When Godowns, 30, received the distress call, he left his wife, who was nine months pregnant, launched a 25-foot Sea Vee into a storm with heavy seas and headed to Bay Point.

The Coast Guard couldn't get to the boat, so Godowns maneuvered the breakers despite 5- to 6-foot waves. He approached the boat, which was floating on its side, four times before he could grab the man and pull him to safety. The man had lashed himself to his mast and was wearing two life jackets, Godowns said.

"Officer Godowns is a leader amongst his peers," wrote DNR 1st Sgt. Robbie Smith in his nomination letter. "He is dedicated to protecting the resources of our county. He is a true game warden. His focus is not to lay the strong arm of the law down on the public, but to focus on true violators."

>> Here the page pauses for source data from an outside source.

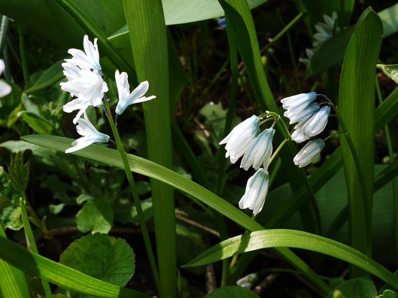 - Пушкиния сцилоидес (var. scilloides) има малки цветове, с размер около 2 см. Цъфти в края на април и май в продължение на 15-20 дни.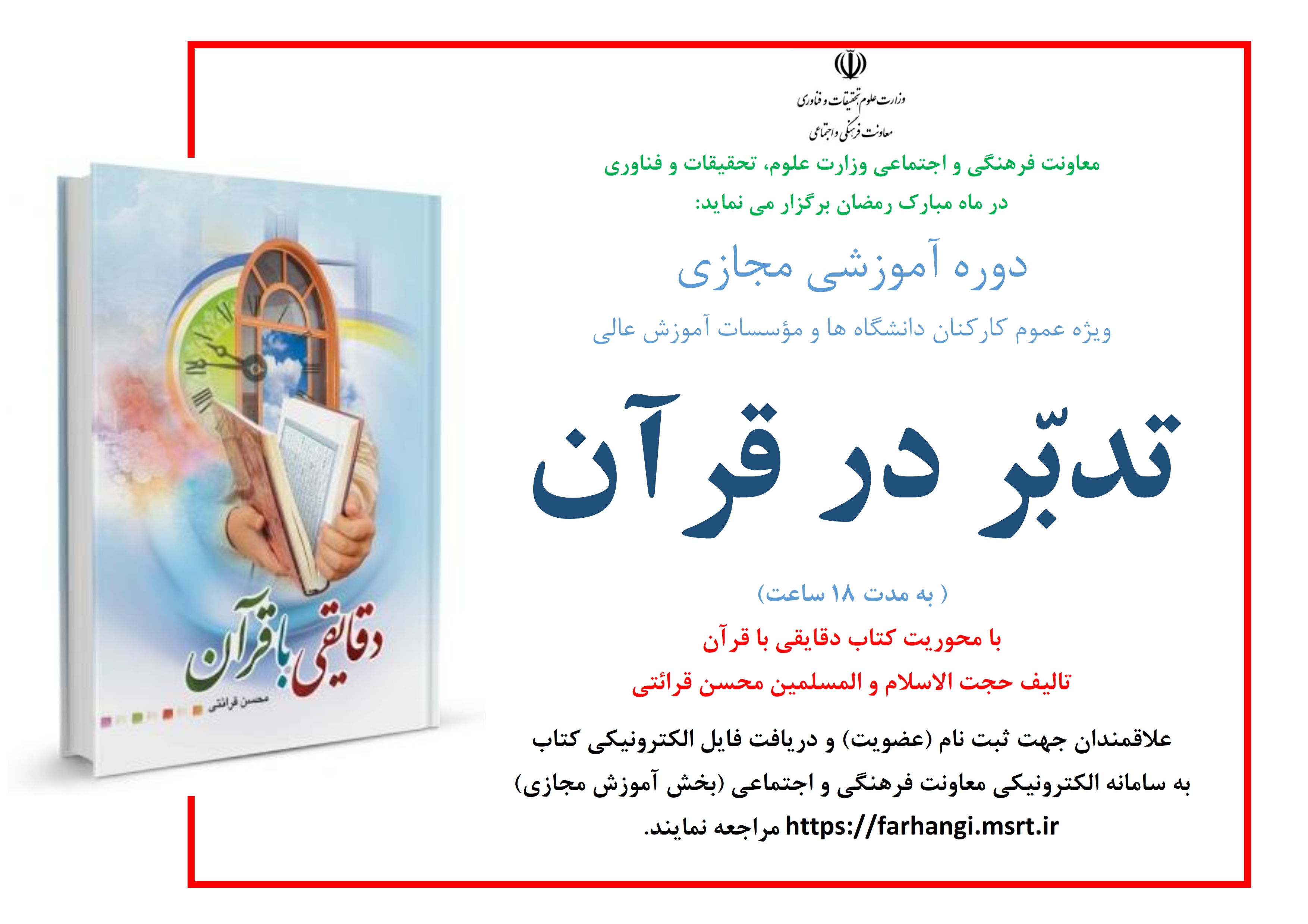 معاونت فرهنگی و اجتماعی وزارت علوم، تحقیقات و فناوری در نظر دارد در ماه مبارک رمضان دوره آموزشی مجازی تدبر در قرآن را با محوریت کتاب "دقایقی با قرآن" تألیف حجت الاسلام و المسلمین محسن قرائتی به مدت 18 ساعت برای عموم کارکنان دانشگاهها و موسسات آموزش عالی برگزار نماید. علاقه مندان می توانند برای شرکت در این دوره به سامانه الکترونیکی معاونت فرهنگی و اجتماعی (بخش آموزش مجازی) مراجعه نموده و پس از ثبت نام و عضویت، راهنمای شرکت در دوره و فایل الکترونیک کتاب را دریافت کنند.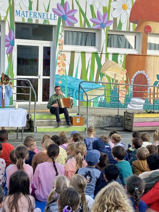 Nous avons eu la joie d’accueillir le Père Marc et Sœur Daisy, qui ont partagé avec nous ce temps fort, riche de sens pour petits et grands.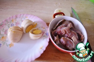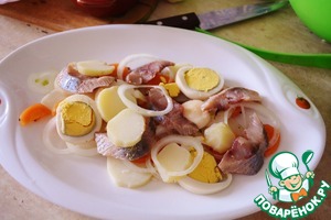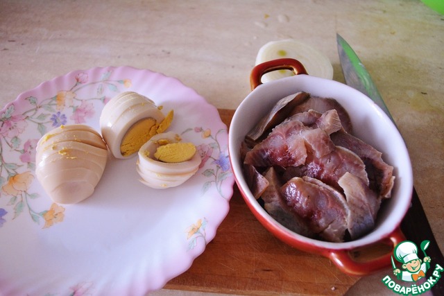 Яйцо тоже нарезаем кружочком а филе сельди ломтиками, стараясь сделать их как можно тоньше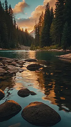 This picture is like a scene straight out of a fairytale! It’s got everything: a crystal-clear river, a whole forest of towering trees, and a sky that’s on fire with the colors of the sunset. The water is so still, it acts like a giant mirror, reflecting the sky like it’s a painting. It’s almost like the whole forest is holding its breath to watch the sunset, and the river is just chilling out, soaking it all in.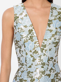 A metallic moment worth making an entrance for. Our Tatum mini dress stuns in shimmering printed jacquard, designed with an A-line silhouette that flatters and flows with every move. The plunging V-neckline adds a touch of allure, while a smocked back and hidden zipper ensure a smooth, comfortable fit. Finished with a subtle sheen and striking detail, this standout style is guaranteed to be a conversation piece. DETAILS - Mini dress - V-neck - Printed metallic jacquard - A-line fit - Smocked back with zipper closure - 86% polyester, 14% nylon - Dry clean only - Imported FIT - Model is 5'10" and wearing a size 0 - Length from the shoulder: 33" - Fits true to size, take your normal size
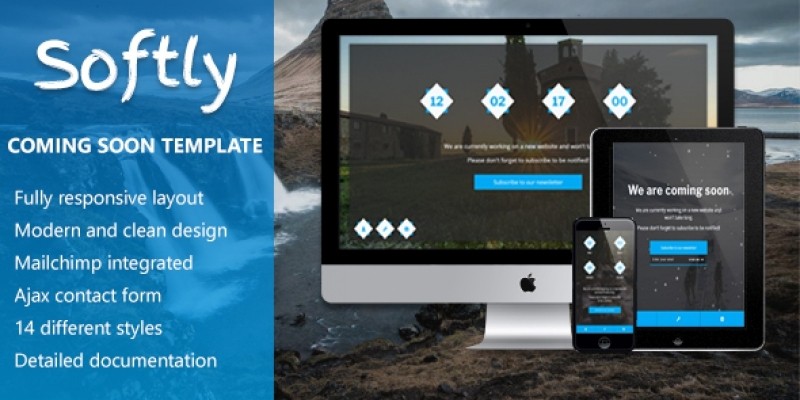 Softly - Coming Soon HTML Template. Softly is a One Page Responsive Coming Soon Template.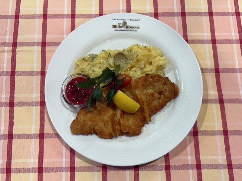 | Schnitzel Wiener Art 17,90 € vom Allgäuer Landschwein mit Pommes Frites |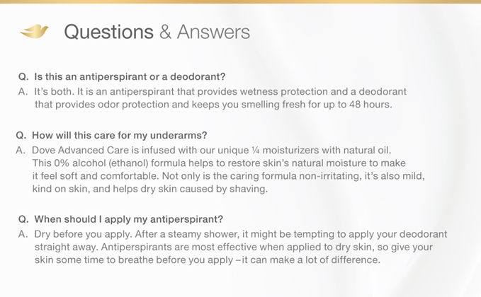 Long-lasting antiperspirant protection, gentle skin care, and a fresh, lavender scent – who says you can’t have it all? Start your day with Dove Advanced Care Lavender Fresh Antiperspirant deodorant.Stick. Enriched with our signature 1/4 moisturizers with natural oil, this antiperspirant stick leaves you with soft, comfortable underarms. Made with a kind-to-skin formula and containing 0 percent alcohol (ethanol), it helps delicate skin recover from underarm irritation caused by shaving. Use this antiperspirant deodorant.regularly to enjoy comfortable and healthy-feeling underarms. Keeping you fresh all day, this gentle antiperspirant for women protects from sweat and odor for up to 48 hours. If you’ve been wondering how to get soft, comfortable underarms. choose our antiperspirant stick and enjoy beautifully fresh underarms.that stay dry all day long. For best results, apply this Dove antiperspirant deodorant.to dry skin after showering and enjoy fresh, comfortably dry skin from morning to night. Dove is certified cruelty-free by PETA because we believe that real beauty is cruelty-free. We’re on a mission to help women raise their self-esteem – because we believe beauty should be a source of confidence, not anxiety. Dove Antiperspirant deodorant. deliver effective underarm protection and are kind to skin, so women can be free of underarm inhibitions and live beautifully unselfconsciously.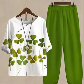 Entdecken Sie unser Damen gemütliches Freizeit-Set: lässiges Oberteil & bequeme Hose, ideal für entspannte Tage.
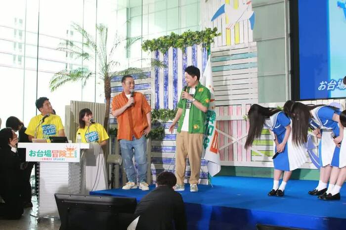6月21日、「お台場冒険王 2023 SUMMER SPLASH!」の制作発表が行われ、お台場冒険王 2023 団長を務める千鳥(大悟さん・ノブさん)と、オフィシャルサポーターの僕が見たかった青空が出席しました。
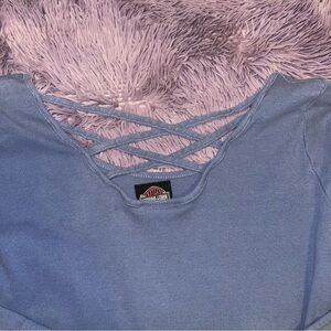 Vintage Mancuso Harley-davidson Women’s Top. Solid washed blue color, round neckline with crisscrossed detail on back, 3/4 sleeves, HD embroidered detail on chest. Mancuso embroidered detail on shoulder. 100% cotton. Very good condition . Pet and smoke free home.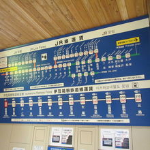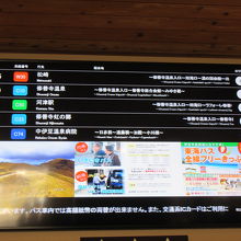 新しくきれいな駅で、駅構内には駅窓口のほかに観光案内所(9時-17時15分)、セルフの軽食堂併設のお土産屋(イズーラ・9時30分-18時)、コンビニ(セブンイレブン)、駅弁を出している寿司屋(9時-16時・水曜休)、トイレなどがあります。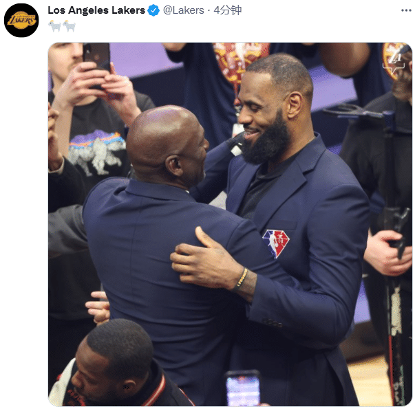 75大球星亮相期间,詹姆斯和公牛名宿罗德曼聊起来,还和库里、安东尼、保罗等人合影留念,詹姆斯还和乔丹紧紧拥抱,两人有说有笑乐开怀,乔帮主甚至趴进詹姆斯的怀抱中,如此画面太罕见;湖人官方晒出乔詹合影,配上两个山羊表情。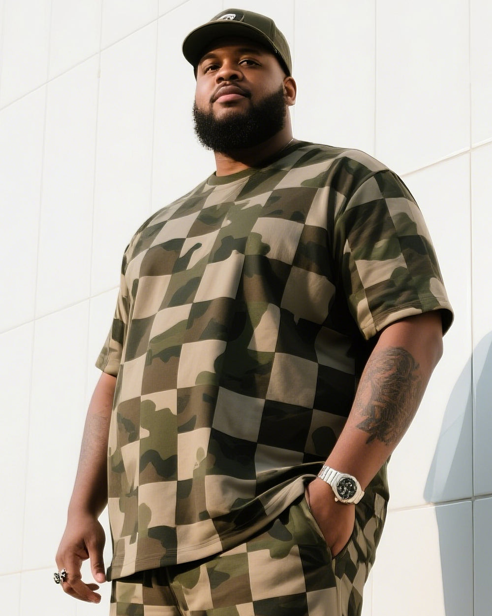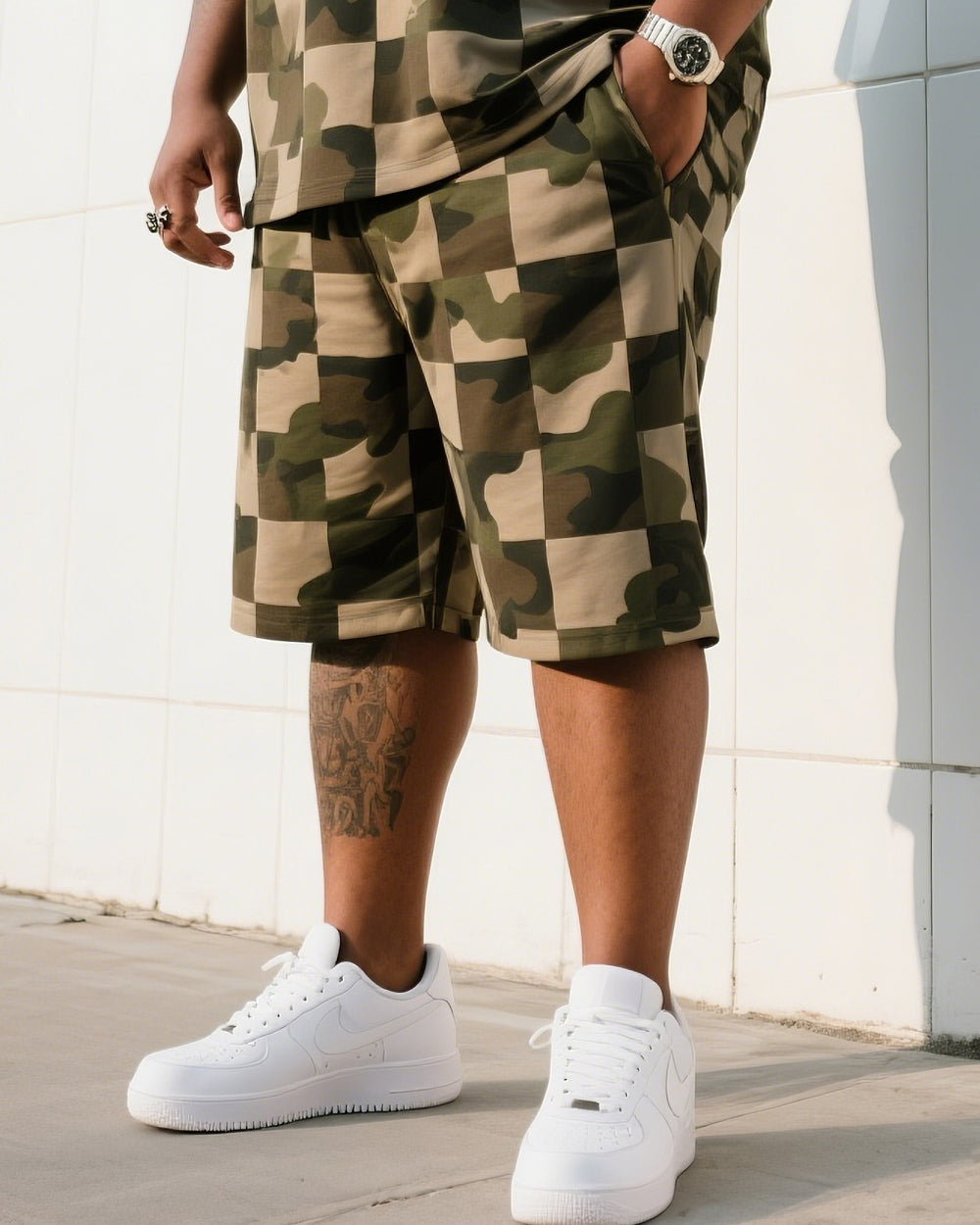 Big Man's Daily Leisure Outdoor Activities Creative Checkered Camouflage Short Sleeve Shirt Shorts Suit
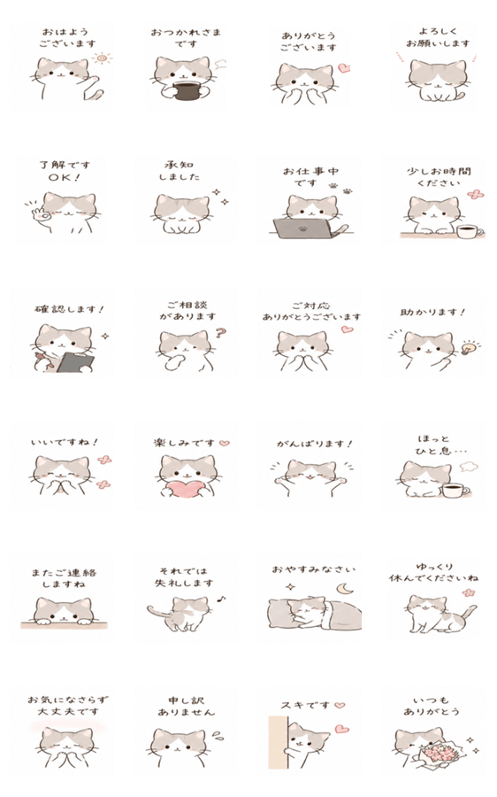 かわいいねこが丁寧な言葉を届けます。仕事もプライベートも使える敬語フレーズ24種。上司・同僚・取引先にも使いやすい。癒されながら好印象を与えたい社会人に届け。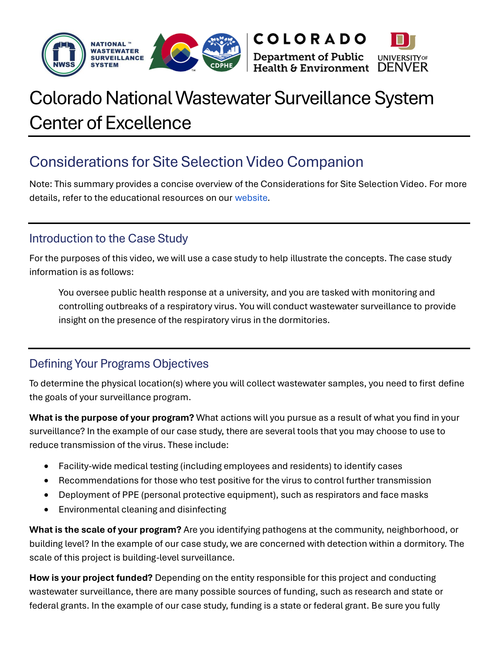 Identified key components: 1) purpose of surveillance, 2) considerations for site selection, 3) three sampling methods, 4) guidance on interpreting results for public health action, and 5) ethics of wastewater surveillance.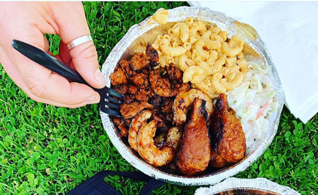 Vegan BBQ chicken and shrimp entree with plant-based mac ‘n cheese and coleslaw. Photo courtesy Leaf Over Beef. The vegan restaurant is one of six participating in the Long Beach Vegan Social at the Hawk Bar Saturday, Sept.10.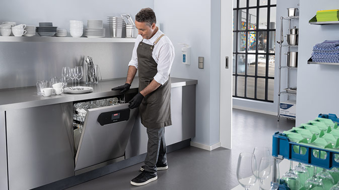 Wherever sparkling results and hygiene top the agenda, the commercial dishwashers from Miele's MasterLine series are the products of choice: The proven fresh water system takes in fresh water for each phase of the programme and uses high temperatures to remove soil and reliably deal with viruses and bacteria. In the course of everyday work, short cycles make for efficient processes. These models are ideal for hotels and restaurants.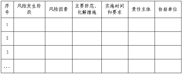 (四)结合风险识别和风险估计评估结论,补充、优化和完善风险防范、化解措施,进一步明确责任主体等内容,编制经评估的风险防范、化解措施汇总表(参考样表4),并提出综合评估意见。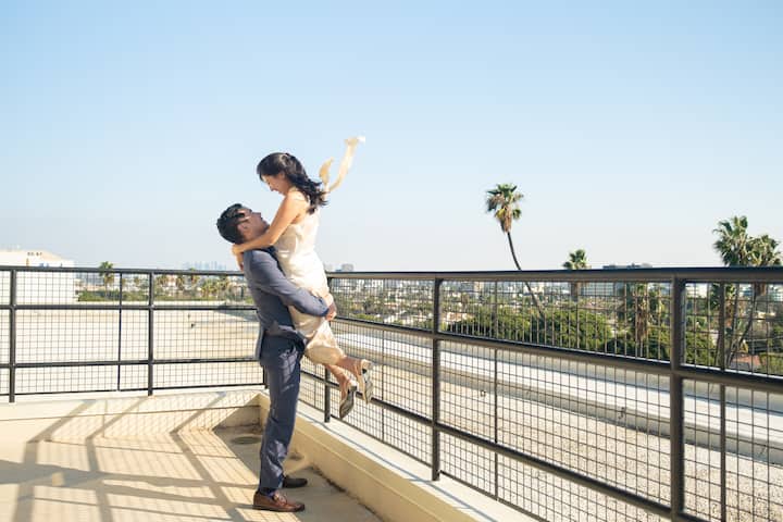 在自然光下拍摄照片,捕捉伴侣之间的特殊联系。 此拍摄适合用于订婚照、社交媒体等。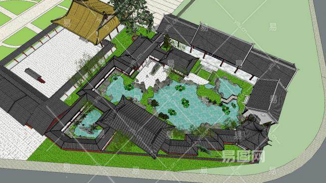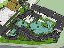 中式园林池塘景观SU模型下载_sketchup草图大师SKP模型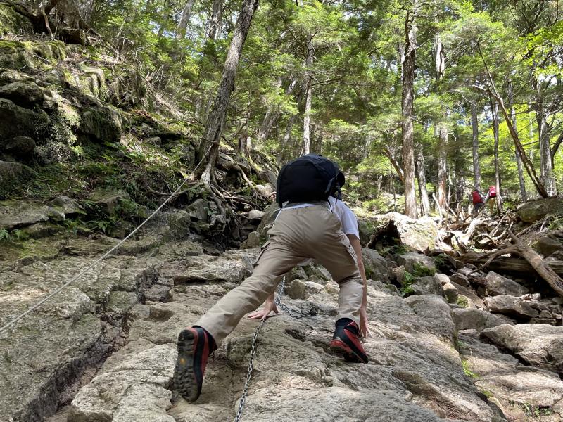 鎖場を越えてからは大きな岩の間を縫うように登って行く。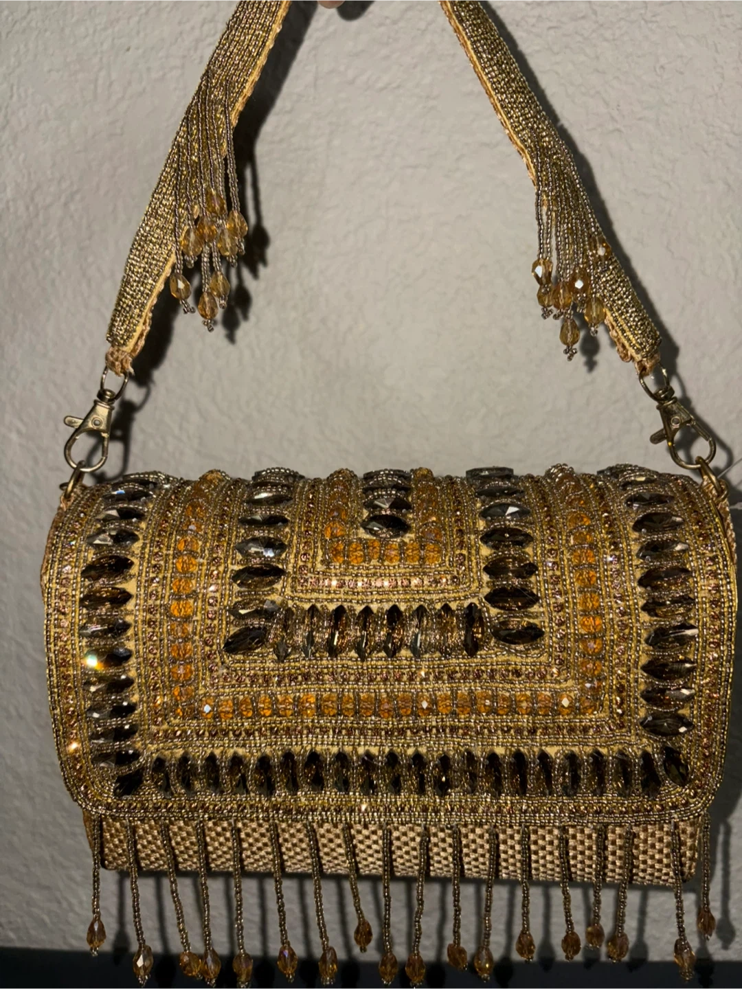 This evening clutch features intricate gold beading and sparkling embellishments. It's adorned with dangling bead tassels on the strap and bottom hem. A stunning accessory for special occasions!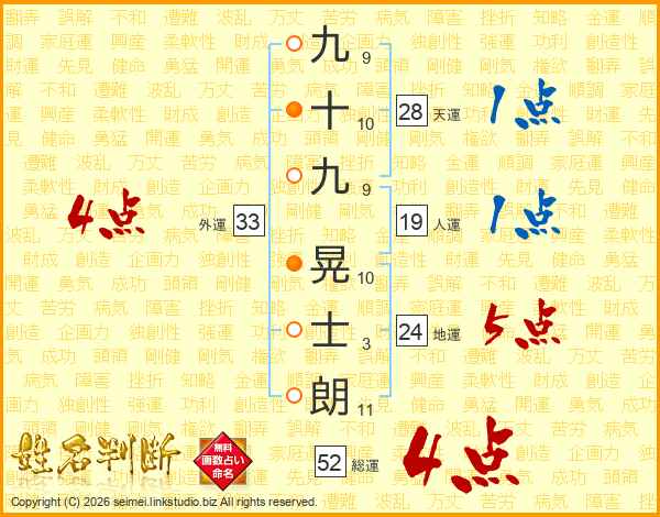 九十九晃士朗さんの総運は52画の4点!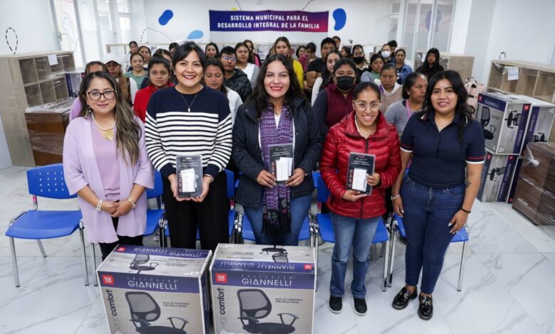 Entrega Lupita Cuautle equipamento a los 12 CAIC de San Andrés Cholula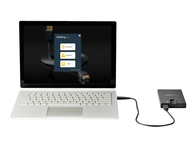 StarTech.com Boîtier de disque dur SATA de 2,5" crypté - Accès par empreinte digitale - Boitier externe - 2.5" - SATA 6Gb/s - USB 3.0 - noir - Conformité TAA

For Godowns, who was the S.C. DNR wildlife officer of the year in 2010, the Rotary award is special since serving the Beaufort community runs in his family.

His father, Asa Godowns, helped launch Beaufort County's EMS program and was the deputy director of EMS and the deputy county coroner when he was killed in a car accident in 2001. His mother retired from Beaufort Memorial Hospital, and his wife, Katie, worked for the Beaufort County Sheriff's Office and now works for Beaufort County Alcohol and Drug Abuse Department.

"This one was the icing on the cake, being from Beaufort," he said. "I don't know that it means more, but it means as much, being recognized by people in your hometown."